Tesis
Pengaruh Basis Pajak pada Penerimaan PPN PMSE di Indonesia
The Impact of the Tax Base on PMSE VAT Revenue in Indonesia
Pengarang:
Sekar Nasly Bani Putri - ; Sartika Djamaluddin (Pembimbing/Promotor) - ; Riatu Mariatul Qibthiyyah (Penguji) - ; Robert A. Simanjuntak (Penguji) -
Deskripsi
Penelitian ini bertujuan untuk menganalisis pengaruh jumlah perusahaan pemungut terhadap penerimaan Pajak Pertambahan Nilai atas Perdagangan Melalui Sistem Elektronik (PPN PMSE) di Indonesia serta mengevaluasi efektivitas implementasi kebijakan perpajakan digital dari perspektif ekonomi dan administratif. Penelitian ini menggunakan pendekatan mixed methods dengan menggabungkan analisis kuantitatif melalui regresi linier berganda terhadap data time series bulanan dari Agustus 2020 hingga Agustus 2024, dan pendekatan kualitatif melalui wawancara semi-terstruktur dengan narasumber dari Direktorat Jenderal Pajak.
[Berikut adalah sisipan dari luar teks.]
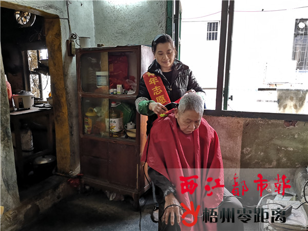 圖為3月5日,萬秀區東正社區聯同“雙報到”單位,組織志愿者上門為老人理發。梁轉明 攝
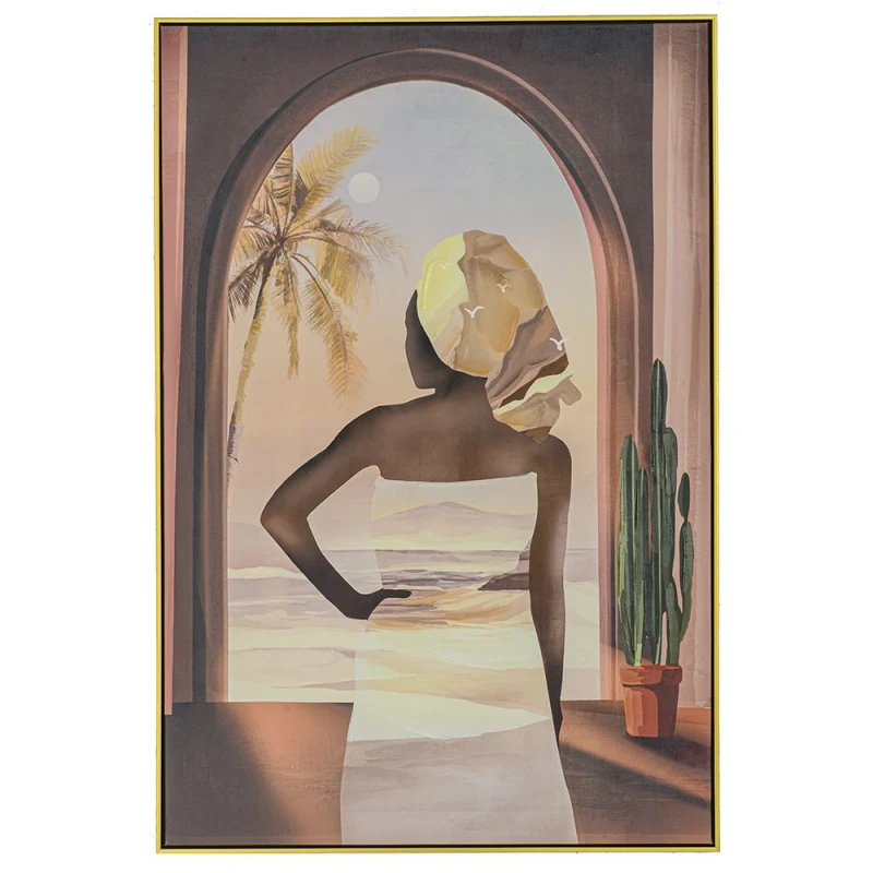 Πίνακας ελαιογραφία με θέμα γυναίκεία φιγούρα, τυπωμένος σε καμβά με χρυσή κορνίζα, από την iliadis - Διαστάσεις: 82x122εκ.

Model regresi pertama menunjukkan bahwa jumlah perusahaan pemungut memiliki pengaruh positif dan signifikan terhadap penerimaan PPN PMSE, dengan elastisitas sebesar 1,79 persen. Model kedua yang memasukkan variabel kontrol seperti GDP per kapita, tarif PPN, serta nilai transaksi e-money dan kartu, memperkuat signifikansi variabel jumlah pemungut dengan elastisitas sebesar 1,29 persen. Koreksi Newey-West HAC digunakan untuk mengatasi masalah autokorelasi dan heteroskedastisitas. Dari sisi kualitatif, temuan menunjukkan bahwa meskipun pemungutan PPN PMSE berjalan relatif lancar, masih terdapat kendala struktural seperti mekanisme pelaporan mandiri yang berisiko tinggi terhadap underreporting, keterbatasan sistem verifikasi transaksi digital, serta ketergantungan pada integritas pelaku usaha luar negeri. Hasil wawancara juga menyoroti pentingnya penguatan sistem digital DJP, peningkatan kerja sama lintas institusi, serta perlunya regulasi yang adaptif terhadap dinamika ekonomi digital. Dengan demikian, penelitian ini menyimpulkan bahwa jumlah perusahaan pemungut merupakan variabel kunci dalam mendorong optimalisasi penerimaan PPN PMSE, namun tetap memerlukan penguatan institusional dan sistem pengawasan untuk menjamin kepatuhan dan keberlanjutan kebijakan perpajakan digital di Indonesia.